Baca Juga : Gunung Argopuro Terbakar, Balai Besar KSDA Jatim Tutup Jalur Pendakian

"Masih proses (penelitian berkas administrasi). Nanti tanggal 5 (September) akan disampaikan. Pasti sudah ada masukan apa yang sudah sesuai, yang tidak sesuai, tapi kan keseluruhannya sudah selesai," tutur Dika.

Lebih lanjut, pihaknya pun menyebutkan beberapa berkas administrasi yang harus dilengkapi oleh masing-masing bapaslon berdasarkan Peraturan KPU Nomor 8 Tahun 2024 tentang pencalonan gubernur, wakil gubernur, bupati, wakil bupati, walikota dan wakil walikota. 

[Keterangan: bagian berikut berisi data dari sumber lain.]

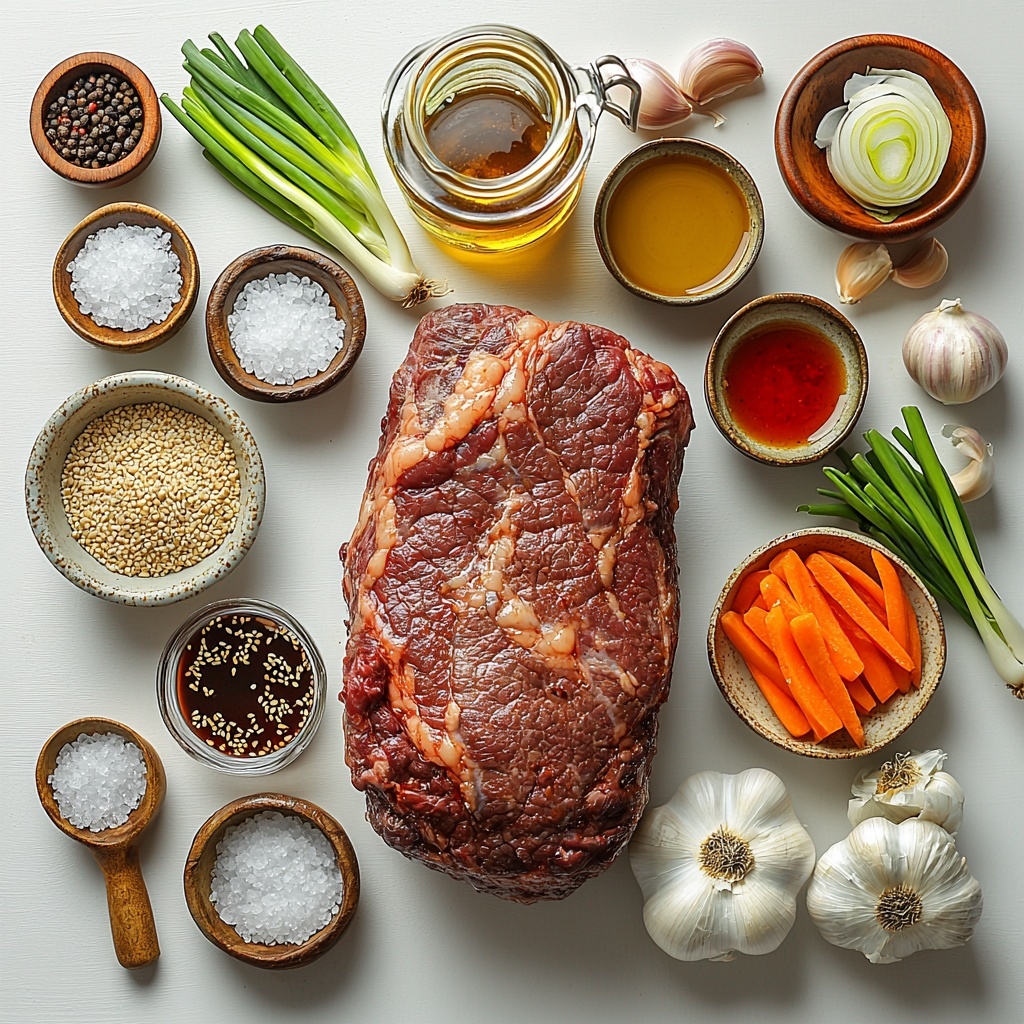 All the ingredients in this Korean Style Pot Roast Recipe are simple but essential, each one playing a key role in crafting that complex flavor profile and giving the dish its beautiful texture and color.

Di antaranya formulir model B pencalonan partai politik KWK, surat pernyataan, surat keterangan hasil pemeriksaan kemampuan secara jasmani, rohani dan bebas narkotika, surat pernyataan tidak pernah dipidana, tidak sedang dicabut hak pilihnya, tidak pernah melakukan perbuatan tercela yang dibuktikan dengan surat catatan kepolisian, tidak memiliki tanggungan utang secara perseorangan dan/atau secara badan hukum yang menjadi tanggung jawabnya yang merugikan negara, serta tidak dinyatakan pailit oleh pengadilan negeri yang wilayah hukumnya meliputi tempat tinggal calon.

"Surat tanda terima kekayaan calon dari instansi yang berwenang atau LHKPN, Fotokopi ijazah pendidikan terakhir, paling rendah SLTA sederajat yang telah dilegalisir, kartu NPWP atas nama calon, tanda terima penyampaian surat pemberitahuan tahunan pajak penghasilan wajib pajak dalam lima tahun terakhir," pungkas Dika.


Topik

Politik, Pilkada Kabupaten Malang, tes kesehatan, kpu,



Jawa Timur merupakan salah satu provinsi dengan pertumbuhan ekonomi yang cukup pesat di Indonesia. Sektor industri, perdagangan, dan pariwisata menjadi pilar utama perekonomian Jatim. Pembangunan infrastruktur juga terus dilakukan untuk mendukung pertumbuhan ekonomi dan meningkatkan kesejahteraan masyarakat.